# REQUIRED WORK:
Take the data below and write it out exactly, except for the pictures.

Data extracted from a collection:
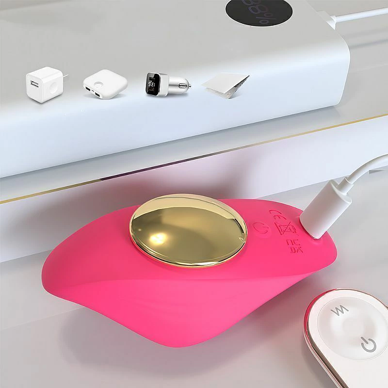 Com 9 modos de vibração. Com controle remoto. Recarregável e resistente à água.
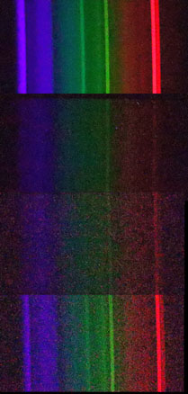 Deutlich visuell wahrnehmbare helle Strahlen, teilweise rötliche bis rotviolette Farben erkennbar.
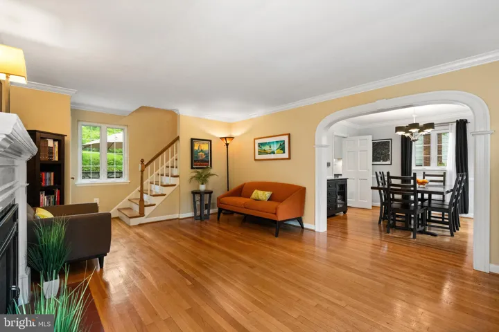 Inside, this 3BR, 2BA, three-level home offers two distinct living spaces on the main level, including a welcoming living room with hardwood floors, crown molding, and a central fireplace. The adjacent sunroom/library is lined with attached built-in cabinetry—ideal for reading, working, or simply soaking in the garden views.
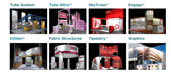 Skyline offers 7 tradeshow exhibit systems that seamlessly integrate into near infinite possibilities. We can also add custom touches for counters, product merchandising, and visual touches that achieve the look you want.
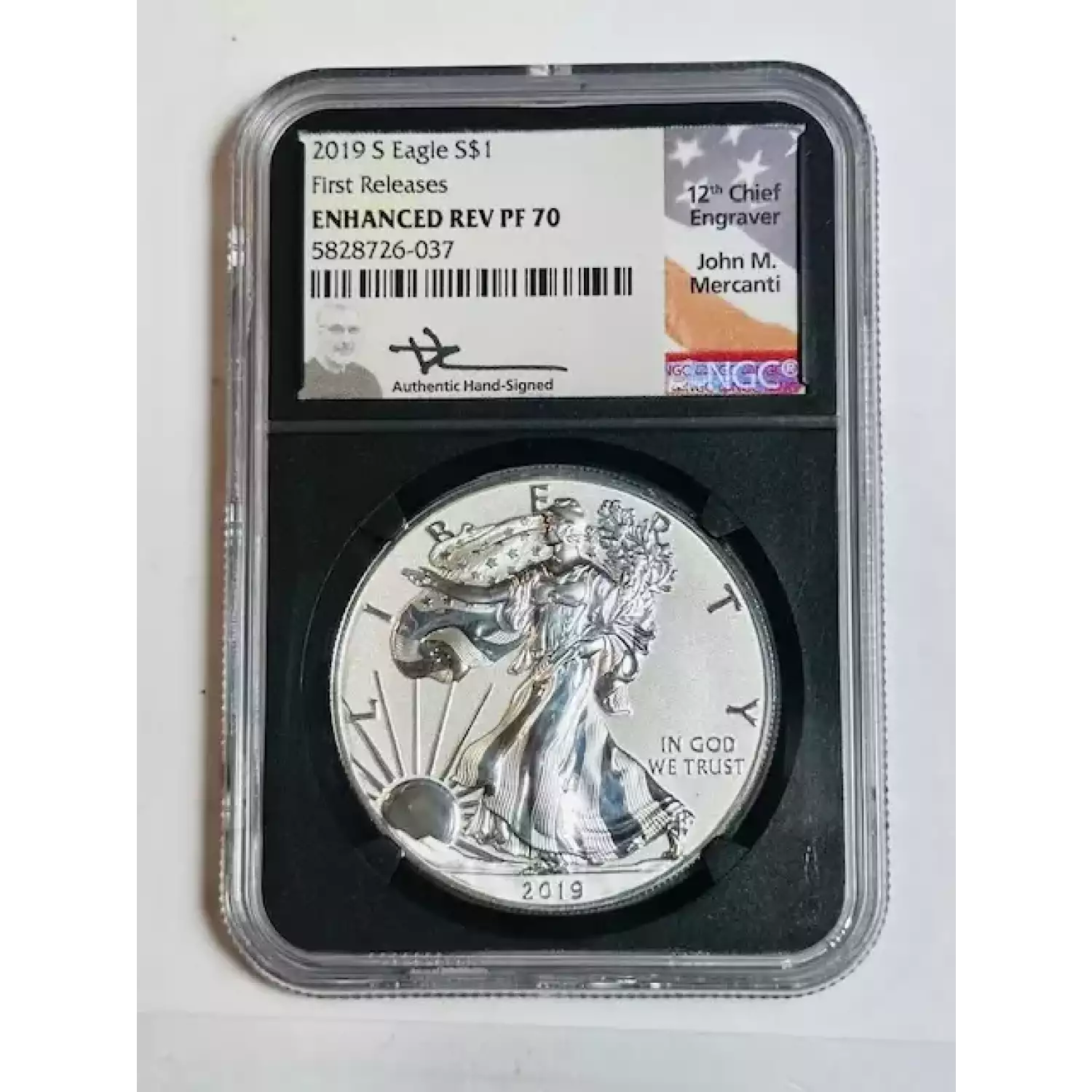 2019-S Silver Eagles NGC PF-70 S First Releases- Enhanced Reverse Proof Mercanti Signed!
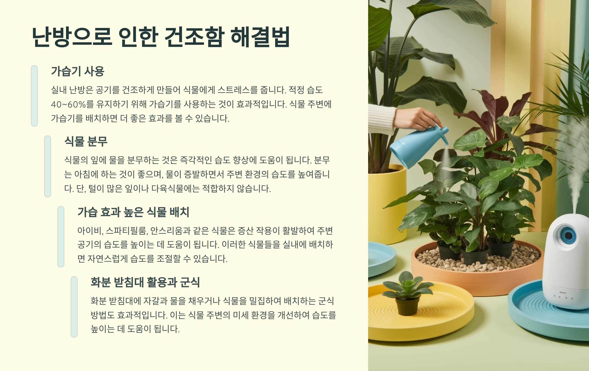 ✅ **가습기 사용** - 난방으로 건조해진 공기를 촉촉하게 만들어 식물도 보호하고 건강에도 좋아요.
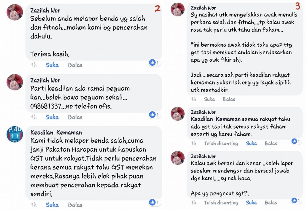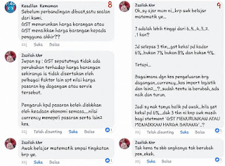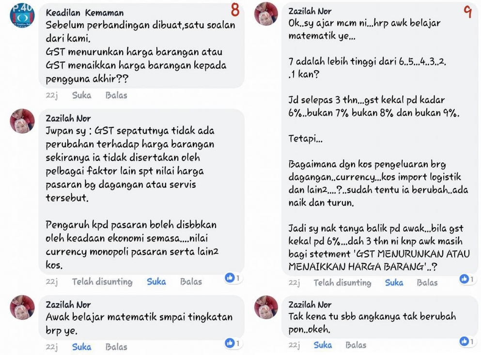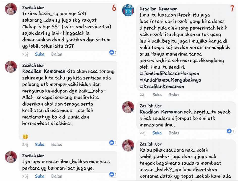 “Jadi saya nak tanya balik pada awak, bila GST kekal pada 6 peratus, sudah tiga tahun ini kenapa bagi statement ‘GST menurunkan atau manaikkan harga barang’? Soal Zazilah di ruangan komen.
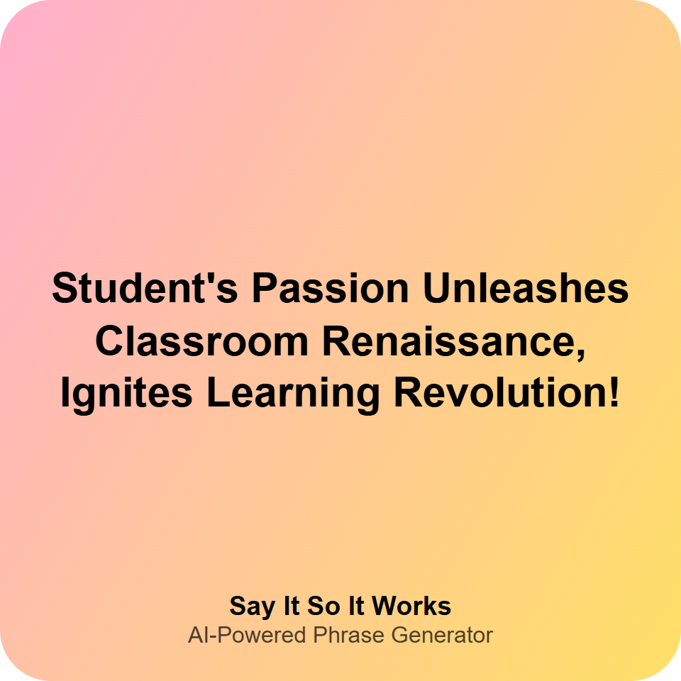 Student's Passion Unleashes Classroom Renaissance, Ignites Learning Revolution!
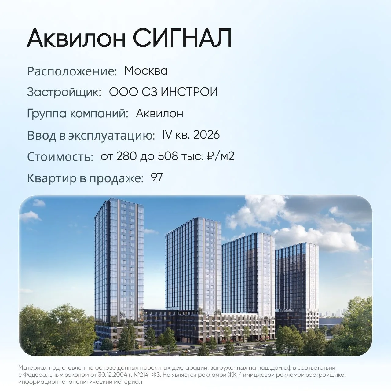 🔸Аквилон СИГНАЛ — 97 квартир | от 280 до 508 тыс. ₽/м2
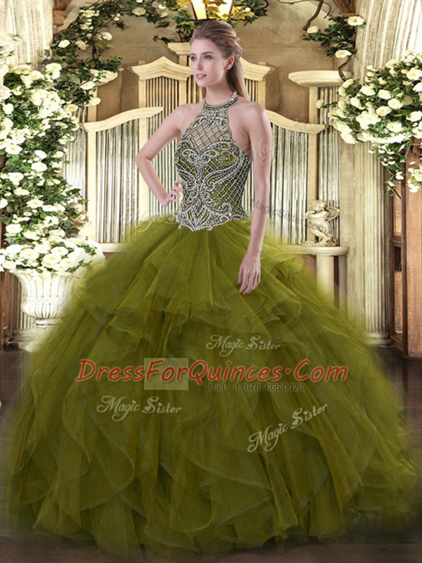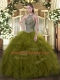 Olive Green Sleeveless Organza Lace Up Sweet 16 Quinceanera Dress for Sweet 16 and Quinceanera
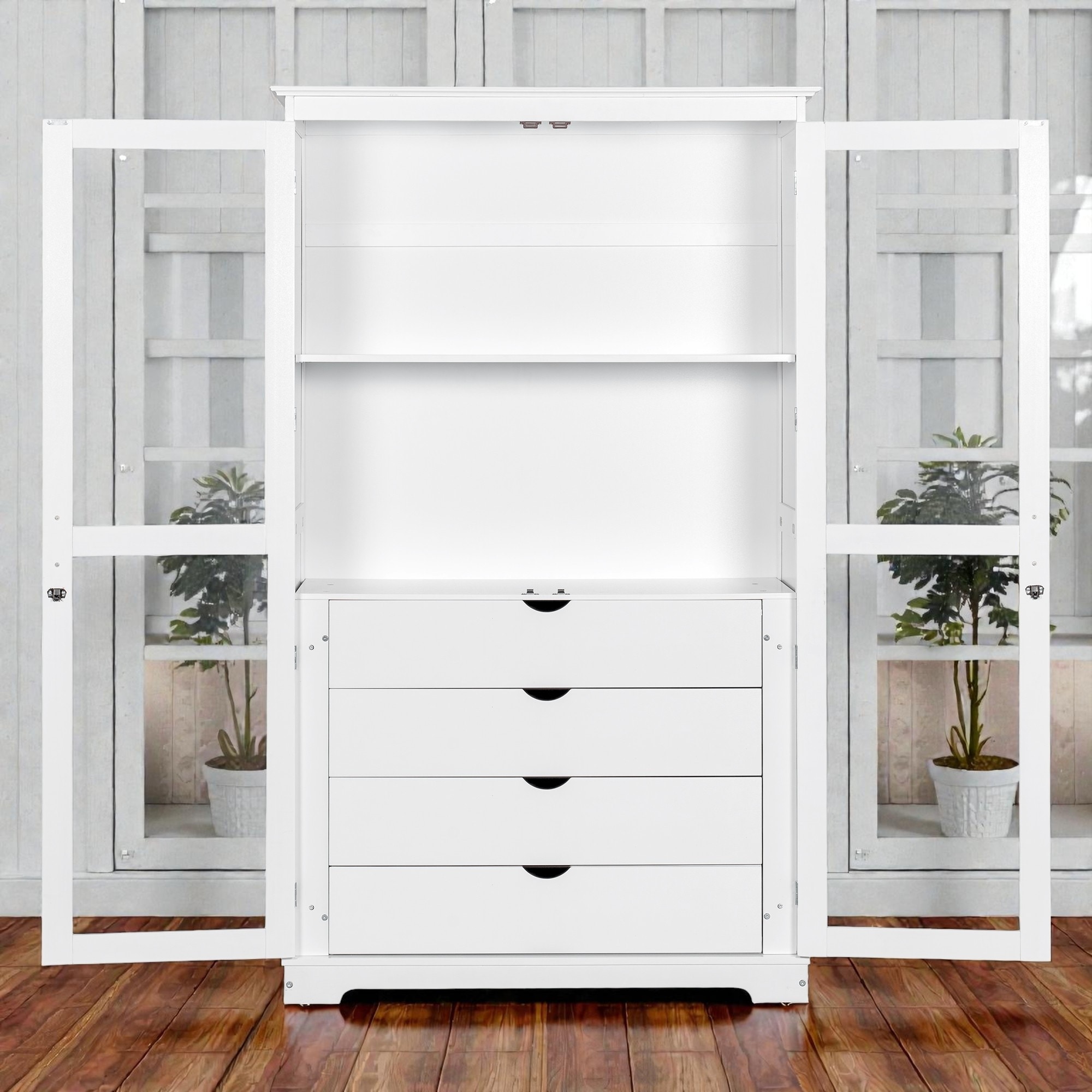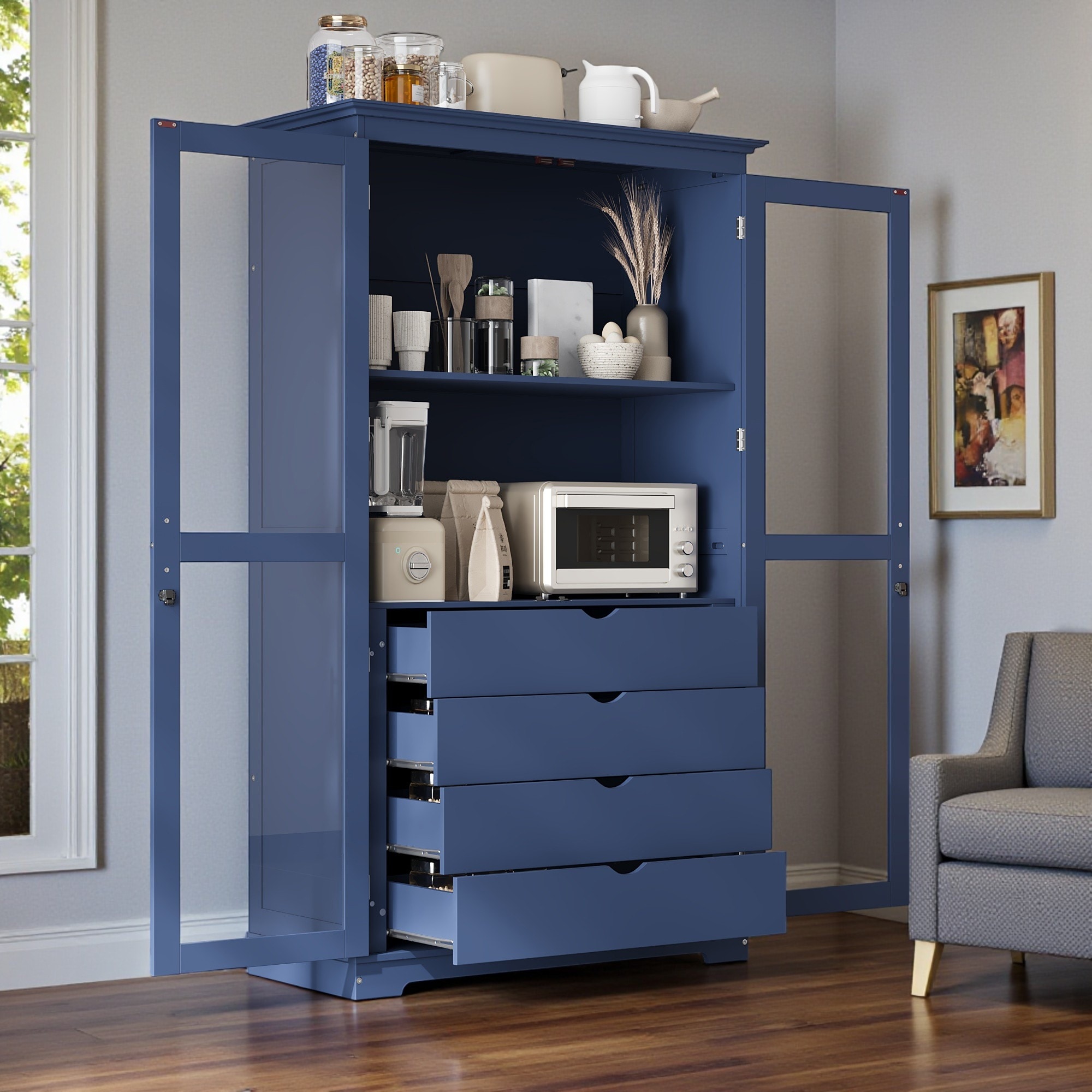 44.7 Inch Kitchen Pantry Cabinet with Glass Doors and Drawers, Freestanding Solid Wood Storage Display Cabinet, Coffee Cabinet

# OUTPUT FOR THIS EXERCISE:
 Com 9 modos de vibração. Com controle remoto. Recarregável e resistente à água.
 Deutlich visuell wahrnehmbare helle Strahlen, teilweise rötliche bis rotviolette Farben erkennbar.
 Inside, this 3BR, 2BA, three-level home offers two distinct living spaces on the main level, including a welcoming living room with hardwood floors, crown molding, and a central fireplace. The adjacent sunroom/library is lined with attached built-in cabinetry—ideal for reading, working, or simply soaking in the garden views.
 Skyline offers 7 tradeshow exhibit systems that seamlessly integrate into near infinite possibilities. We can also add custom touches for counters, product merchandising, and visual touches that achieve the look you want.
 2019-S Silver Eagles NGC PF-70 S First Releases- Enhanced Reverse Proof Mercanti Signed!
 ✅ **가습기 사용** - 난방으로 건조해진 공기를 촉촉하게 만들어 식물도 보호하고 건강에도 좋아요.
 “Jadi saya nak tanya balik pada awak, bila GST kekal pada 6 peratus, sudah tiga tahun ini kenapa bagi statement ‘GST menurunkan atau manaikkan harga barang’? Soal Zazilah di ruangan komen.
 Student's Passion Unleashes Classroom Renaissance, Ignites Learning Revolution!
 🔸Аквилон СИГНАЛ — 97 квартир | от 280 до 508 тыс. ₽/м2
 Olive Green Sleeveless Organza Lace Up Sweet 16 Quinceanera Dress for Sweet 16 and Quinceanera
 44.7 Inch Kitchen Pantry Cabinet with Glass Doors and Drawers, Freestanding Solid Wood Storage Display Cabinet, Coffee Cabinet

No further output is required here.